La RDS_on  es la resistencia entre drenador y surtidor cuando esta saturado (cerrado) y es especifica a cierto voltaje (mira el datasheet) debes tenerla en cuenta porque si es mayor (preferiblemente igual o menor)  y el circuito es critico habra mas caida de tension en el mosfet cuando este saturado y podra calentarse mas, ademas del voltaje de VDS debe igual o mayor y la corriente de Drenador, con esas 3 es casi probable encuentres un buen reemplazo, chauuuuuuuuu


----------



## Jadacuor (Ene 27, 2011)

gracias por responder... ahora que ya he visto con mas detenimiento el circuito veo que hay 4 mosfet en paralelo y entonces es hay donde surge la pregunta... al reemplazar el mosfet por otro diferente pero con caracteristicas mas o menos iguales y al estar en paralelo con otros tres mosfet no habria como un desbalance y se recalentarian?...
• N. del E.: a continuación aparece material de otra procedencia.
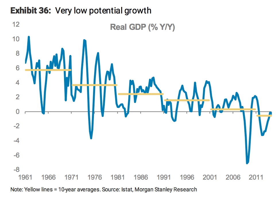 Italien und Wirtschaftswachstum, Graph: Morgan Stanley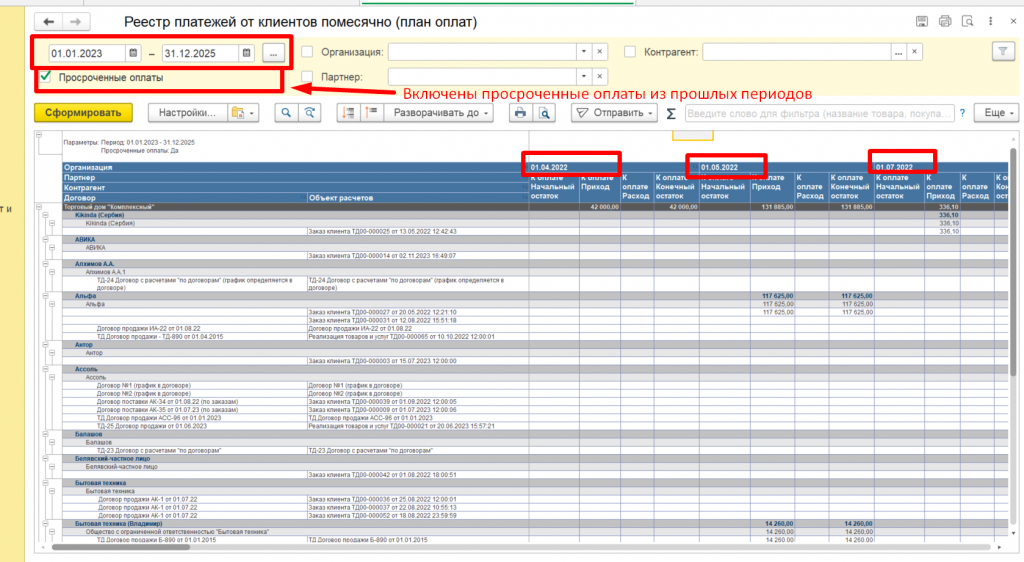 Контроль просрочки без «провалов»: опция «Просроченные оплаты» позволяет включать/исключать задолженность из прошлых периодов в выбранный интервал;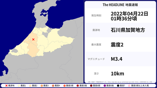 4月22日01時36分頃、石川県で最大震度2を観測する地震がありました。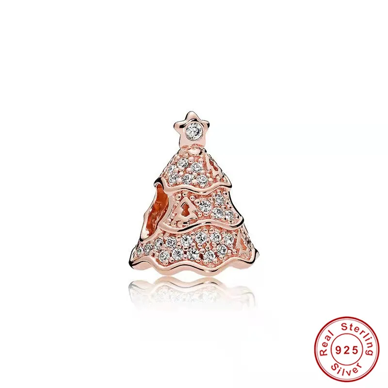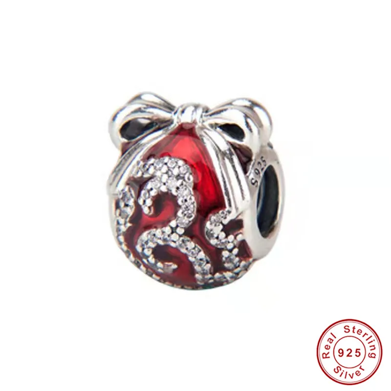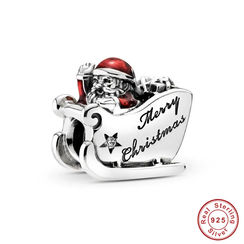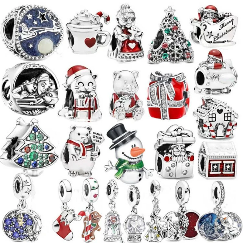 Оригинальные рождественские бусины-шармы из серебра 100% пробы, рож...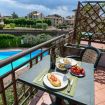 All'esterno si trovano un tavolo e delle sedie per mangiare all'aperto, con vista sulla piscina sottostante. All'interno, l'area salotto dispone di un comodo divano e di una TV, oltre che di un tavolo da pranzo con sedie. La cucina è ben attrezzata con piano cottura, forno, microonde, frigorifero/congelatore e macchina per il caffè (modello Lavazza "Dolce Gusto".)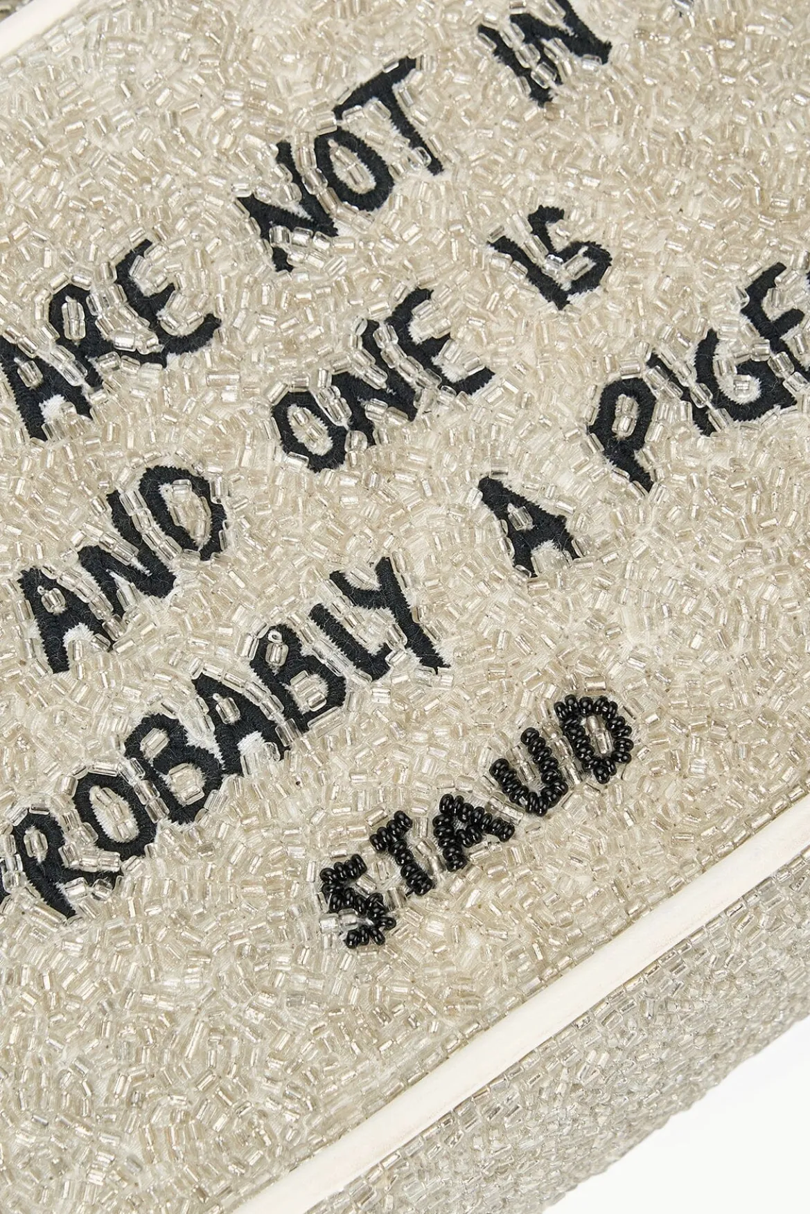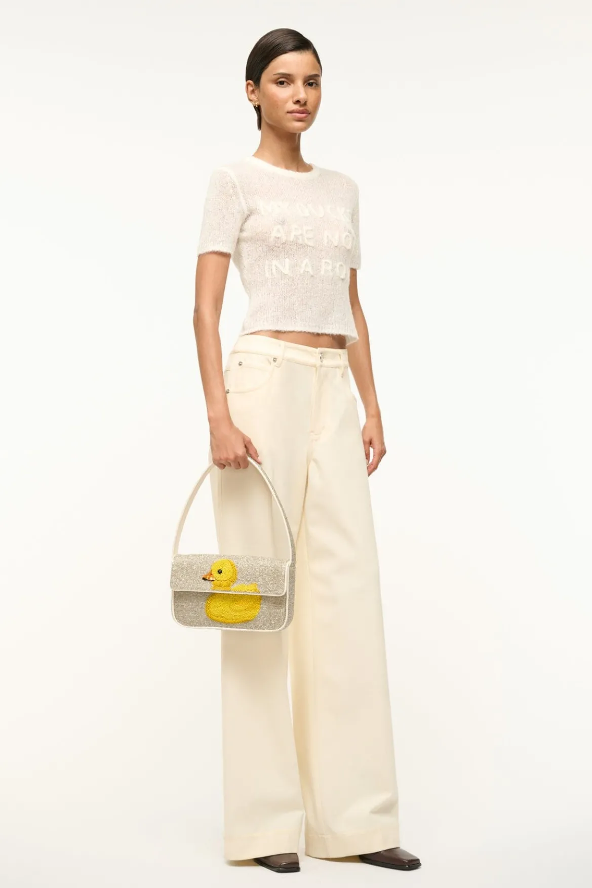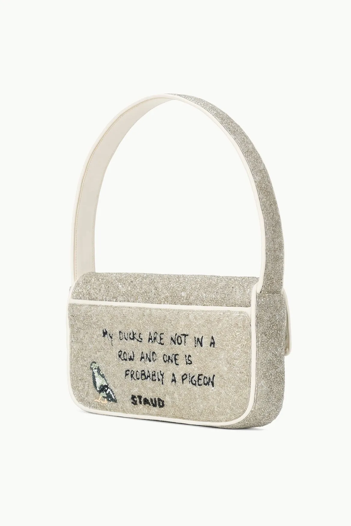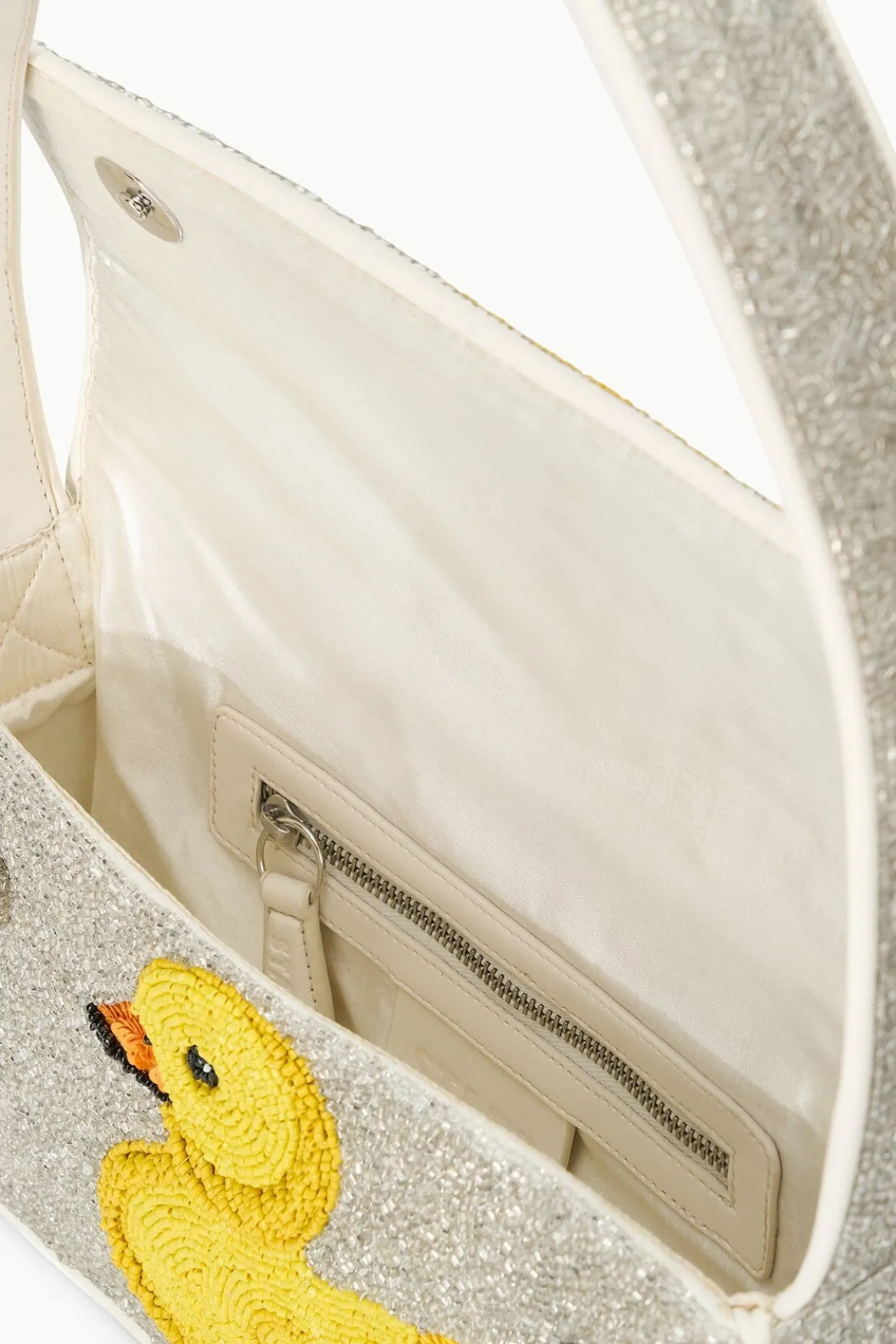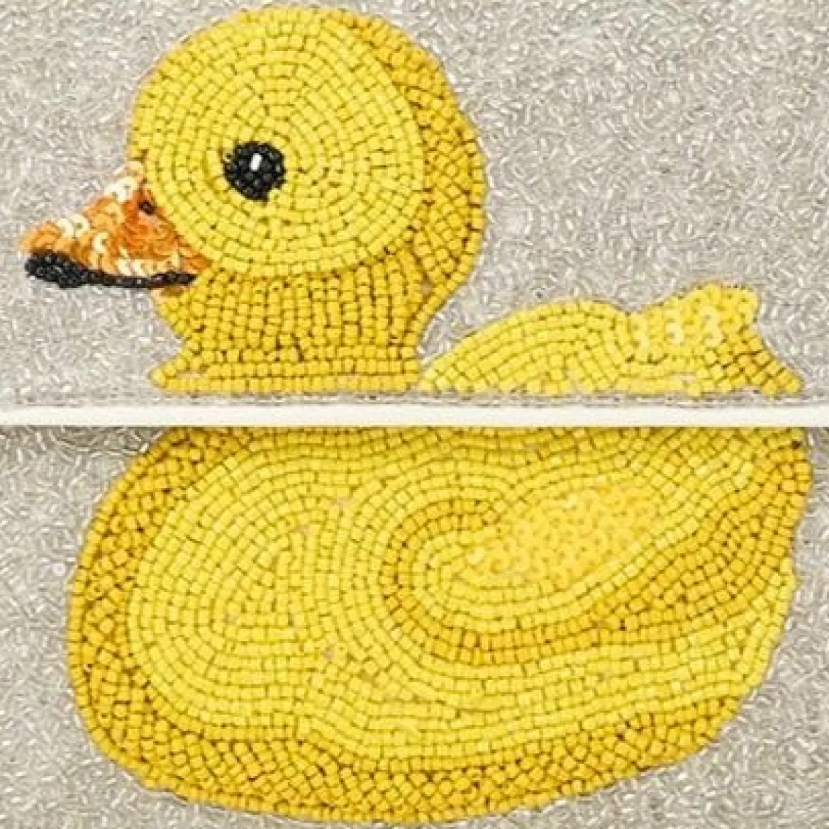 Our best-selling, hand-beaded shoulder bag has been updated with a playful duck pattern. The Tommy features vegan leather piping, a back slip pocket, magnetic snap closure, and interior satin lining.

otra pregunta con respecto al posible mosfet que tengo como reemplazo= que significa vdss= clamped y que problema habria si lo utilizo en el inversor para reemplazar el mosfet quemado pero que dice vdss=60V.

gracias de antemano por sus respuestas

adjunto la foto de la tarjeta del inversor.  toda la linea superior son mosfet ftp18n06 y esta quemado el primero de la izquierda (esta en corto gate y drain) tambien la resistencia de 10ohms que va al gate estaba quemada. de la primera hilera de 8 mosfet hay dos grupos de a 4 en paralelo, van intercalados (1,3,5 y7) y (2,4,6,8)...

saludos


----------



## zopilote (Ene 27, 2011)

Si te fijas bien, cada uno de los transformadores de ferrita tiene un par de mosfet, por lo que no estan en paralelo como dices, asi que puedes usar tu mosfet que tienes en reemplazo. Y solo se aplica lo que dices cuando hay más de dos en paralelo(alli tendrias que cambiarlos todos).


----------



## DOSMETROS (Ene 27, 2011)

Tu transistor 59A 60V 150Watts 16mΩ ±20 V 

El reemplazo 80A 33V 110Watts 11mΩ

Me parece que ese PWM es una combinación de 8 PWM en paralelo  que o trabajan juntas o van entrando en servicio a medida que hace falta.

Así que es más simple.

Saludos !


----------



## Jadacuor (Ene 27, 2011)

gracias a ambos, todavia me queda una duda y es la de el significado de "clamped" ya que el mosfet que tengo dice vdss=clamped y el que se quemo dice vdss=60V  ; ¿no hay problema?


saludos


----------



## Jadacuor (Ene 28, 2011)

buenos dias, hoy he revisado la placa y en efecto no estan en paralelo como yo pensaba, sin embargo los mosfet son activados en bloque (todos los 4 al tiempo) por una misma señal que sale de un transistor bjt asi como esta en la imagen, por eso me queda la duda si pongo un mosfet diferente no habra algun problema? 

agradezco a quien pueda aclararme estas dudas

saludos


----------



## DOSMETROS (Ene 28, 2011)

No hay problemas , solo los gatilla juntos , en rigor son ocho fuentes conmutadas puestas en paralelo y con un único circuito de disparo y control.

yo cambiaría también el compañero de ese , que trabajan con el mismo núcleo por las dudas.

Saludos !


----------



## Jadacuor (Ene 28, 2011)

pues les cuento que malas noticias, cambie los dos mosfet del primer nucleo y conecte de nuevo y chispas!!
las resitencias de los gates de 5 mosfet echaron humo, asi que decidi desoldar todos los ocho mosfet y resulta que de los ocho solo estban buenos los dos que les acababa de poner y uno de los originales que traia, el resto estaban en corto gate y drain... asi que se complico la cosa.... no se si ya estarian quemados o al conectar de nuevo algo los esta quemando... help me please!!


----------